まずは、僕は誰かだ。こんなところに急に現れて何者だと思ってるかもしれないけど、
僕は、キミだ。
……大丈夫?少し気を失ってるみたいだけれど。でもこれは紛れもない事実なんだ。
まあ、正確に言うと3年と30分後のキミだ。
キミ、カンがいいね。その通りだ。僕は時空を移動してきた。
ということは、キミもいつかはタイムマシンに乗って、スイスイ時空を泳げるわけだ。
……ああ、本題に入らないといけないみたいだ。あと10分ほどで時間が来るから。
ま、話なんていつでもできるんだけどね。でも僕は今しか話せない。
まず、お話したい事は、歴史は変わるということだ。
今から少々キツイ話をするけど、それでも良かったら聞いてほしい。
キミは30分後……いや、3年と30分後に死ぬ。
無残な死にかただったよ。タイムマシンが爆発。
炎のなかに、見えたんだ。僕が引き裂かれる瞬間を。
そりゃあ、いい気分はしなかったさ。
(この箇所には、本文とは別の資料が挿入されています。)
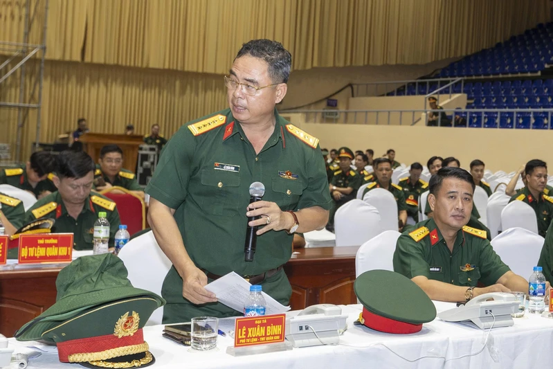 Đại tá Lê Xuân Bình, Phó Tư lệnh, Tham mưu trưởng Quân khu phát biểu ý kiến tại buổi sơ duyệt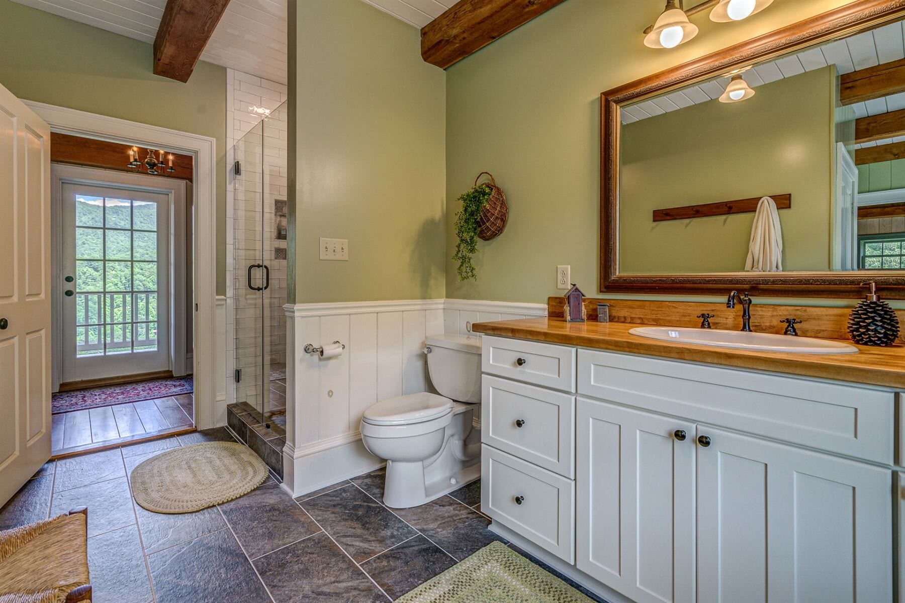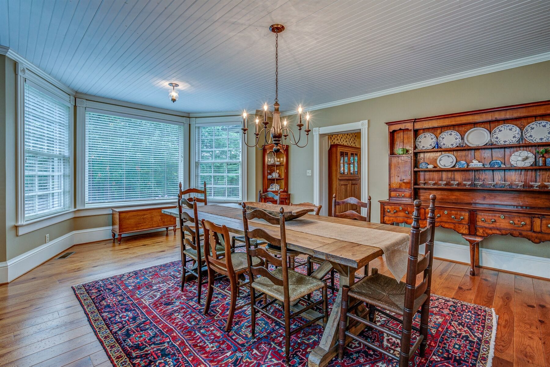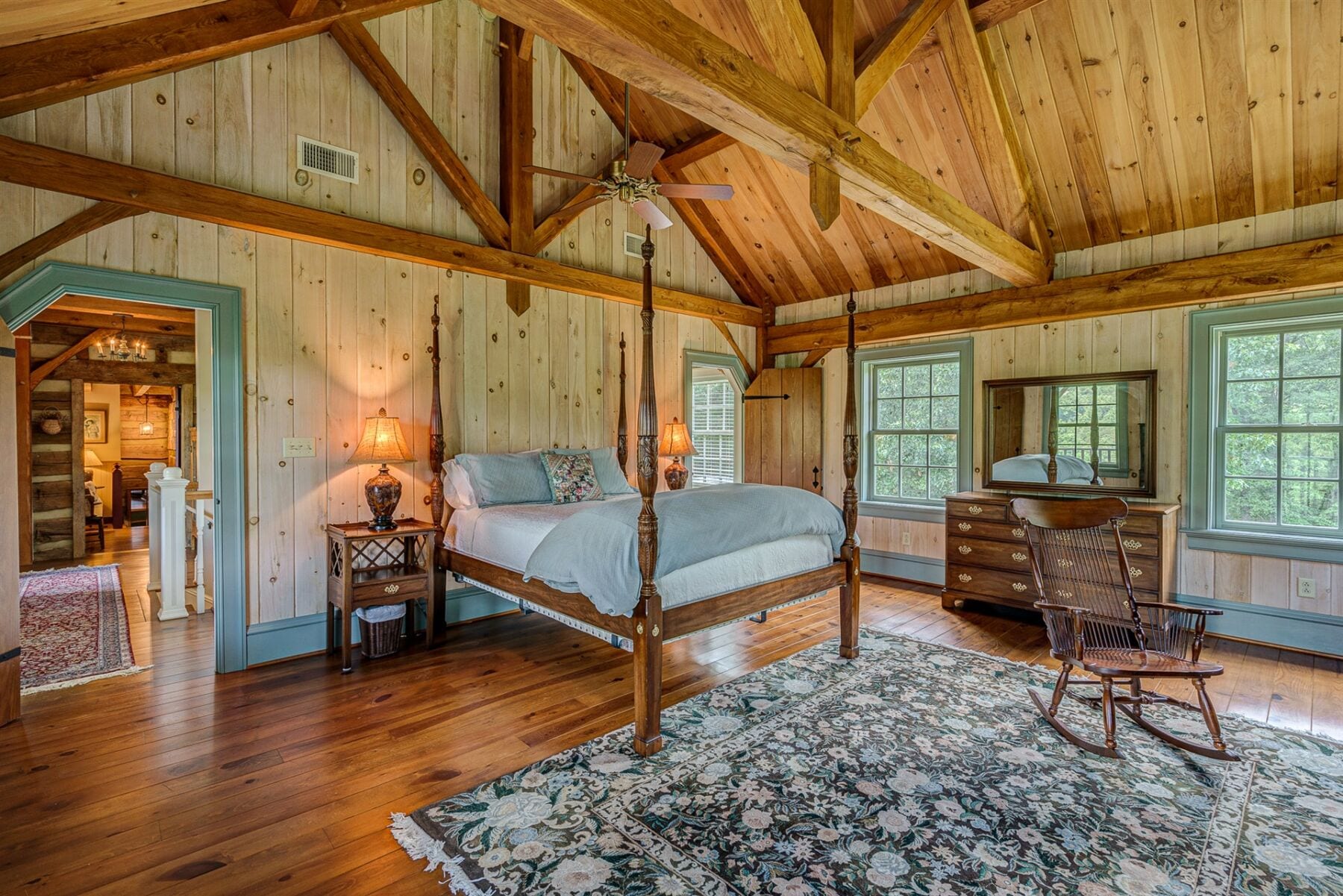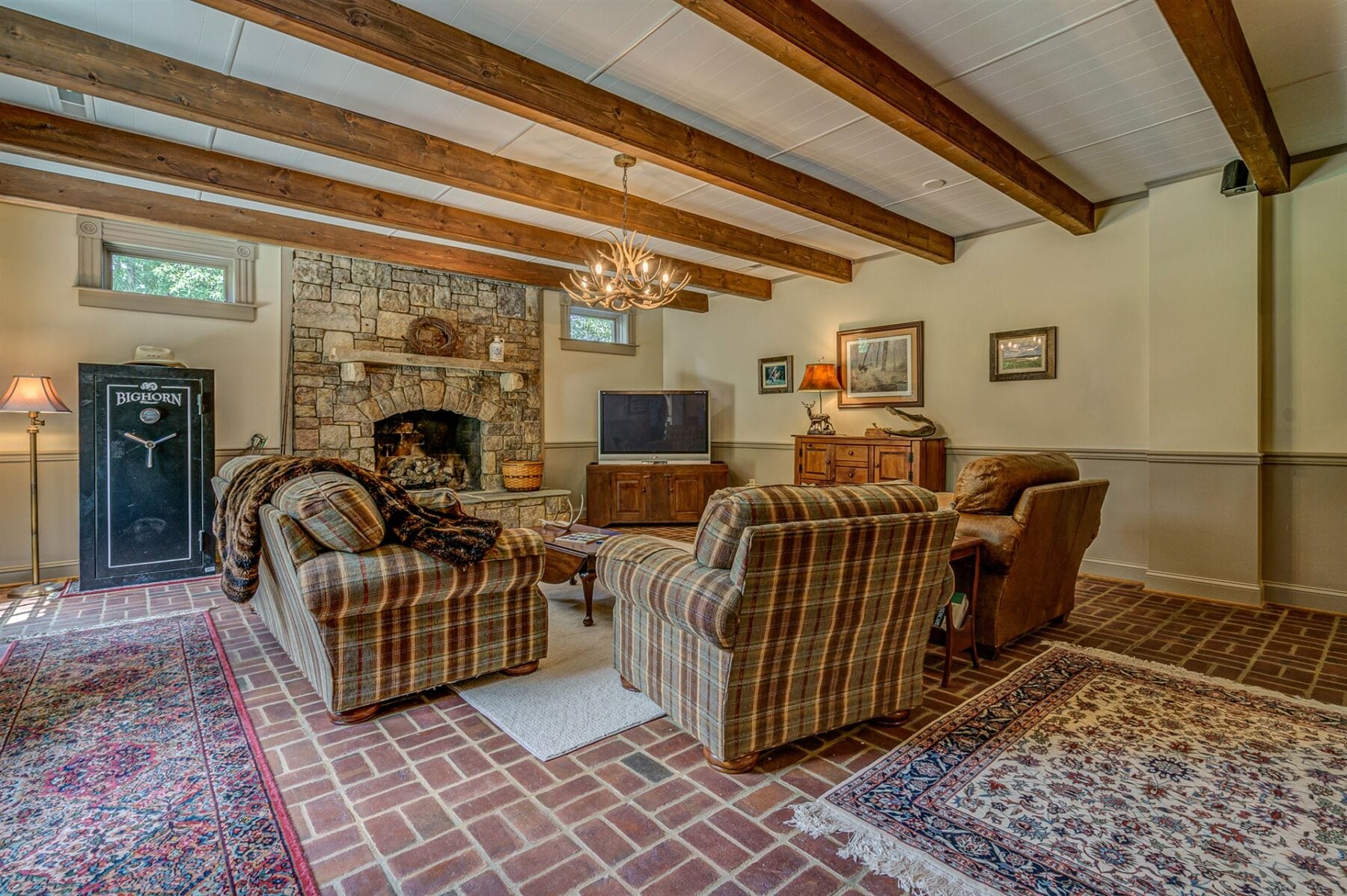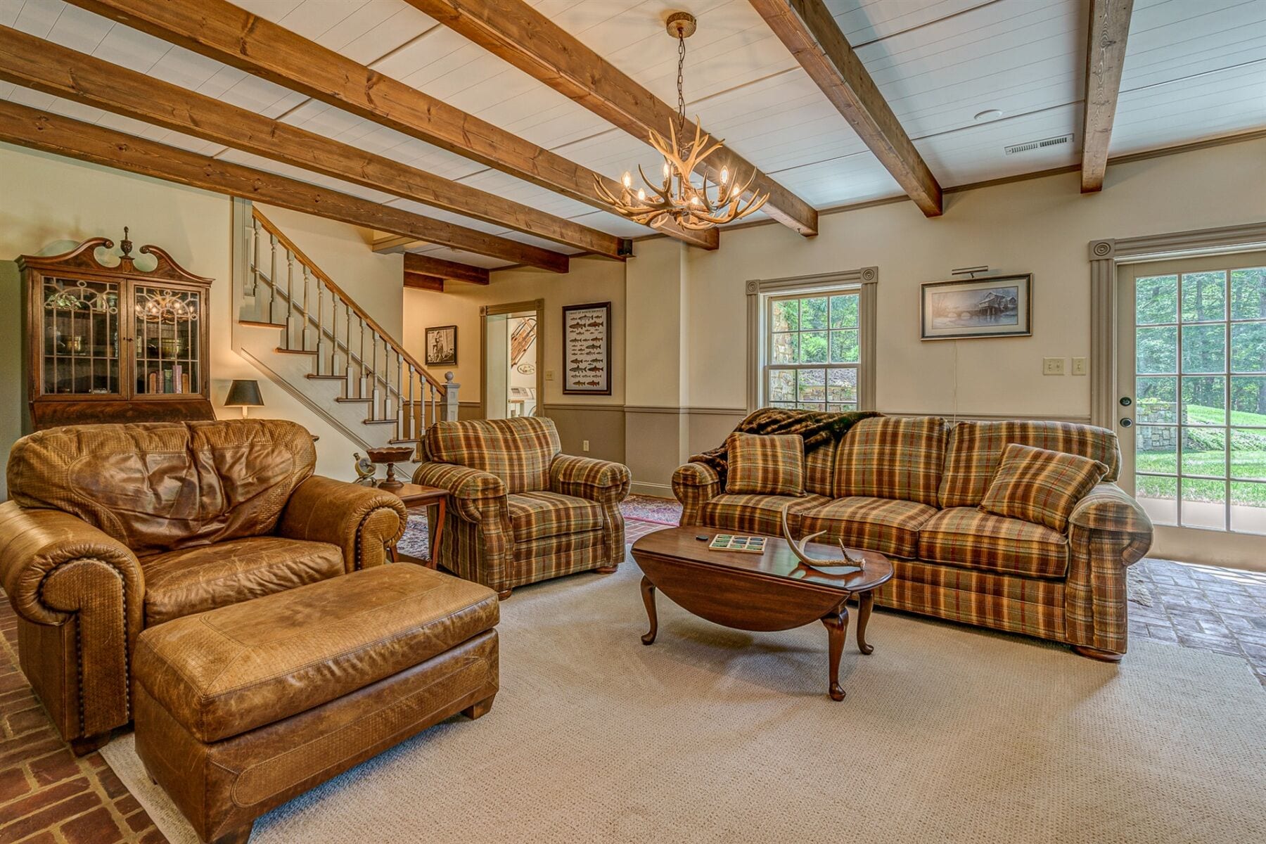For the custom-built home, the original log cabin was relocated from WV and rebuilt while the stone portion of the home, including 5 large fireplaces, 2 chimneys and exterior walls, was constructed using stone sourced from the property. The interior millwork including solid-core doors and 11″ baseboard was custom milled and constructed on-site. Major restoration efforts to return the home and property to its original glory began in 2017 and were completed in 2020.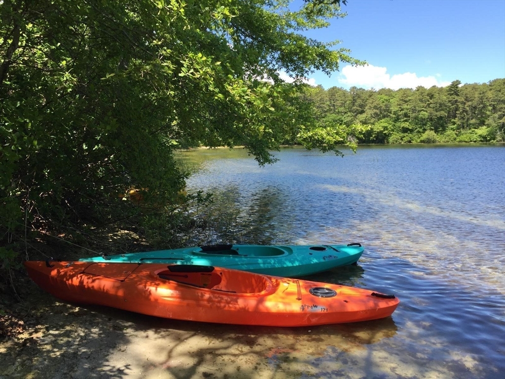 Here's the one you've waited for. Well situated second floor corner unit at desirable Bassett Pond Condominiums, a wooded, well maintained complex. The unit features a large living area leading to a separate dining room. You will find an ample kitchen to the right with of it and a wonderful, bright sun room to the left with an outdoor staircase to the yard below. Bassett Pond itself with its sandy beach is steps away from the building with private access. The spacious primary bedroom includes a half bath and closet. There is a second bedroom with closet and the central bath has tub and shower. You will find washer and dryer for the unit in the lower level where this is also a private storage space with both indoor and outdoor access. Also close by is a private carport space and additional parking.Per HOA rules, no pets allowed.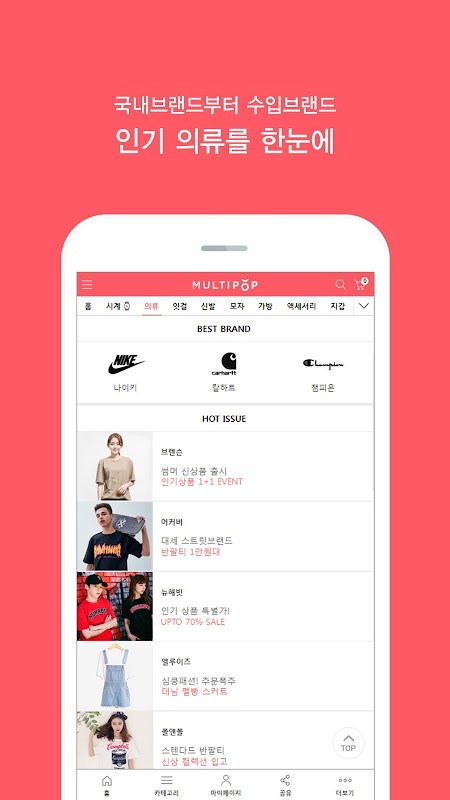 멀티팝은 캐쥬얼/스포티/트렌드 의류 및 신발, 액세서리, 모자 등 패션카테고리를 주력으로 하는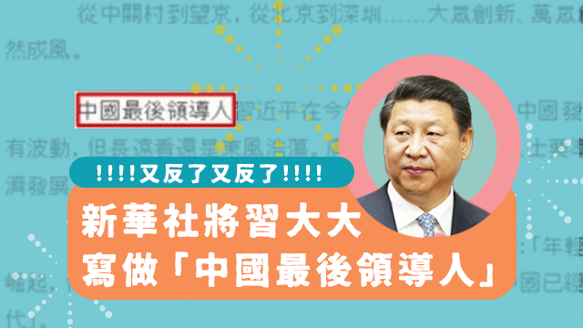 幾時先可以畀習大大唞下呀?冇幾耐前先有官媒勸習大大落台,早幾日又話用錯日本列車喺「中國夢」廣告度,而家新華社又話將習大大寫做「中國最後領導人習近平」。

泣きそうになった。
でも、俺にはタイムマシンがある。
これで3年前に戻って、過去の自分に言い聞かせておくんだ。
タイムマシンなんて物騒なもん作るんじゃないぞと。
これでキミは、いや僕たちは、死の運命から回避されたわけだ。
ありがとう。
キミは正直ものだ。これでこのままでいれば、あんな無残な死に方をしないことになる。
もし僕が何かの手違いで死ぬことになっても、キミがまた生きればいい。
じゃあ、僕はもう帰るよ。最後に、タイムマシンの中を見せてあげよう。
世界初公開、タイム・なんとか・リープ装置だ。
どう?どうせ分からないだろうけどね。分かってもつくらないでよ。
おっと、これ以上は駄目。企業秘密なもんでね。
じゃあね。バイバイ。
そのとき、またやってしまったのだ。
タイムマシンは爆発し、僕が、いや、3年後の僕が死んだ。
もう一回、やらないといけないみたいだ。
言っても聞かないんだろうなあ。僕って。
全く、わがままな奴だ。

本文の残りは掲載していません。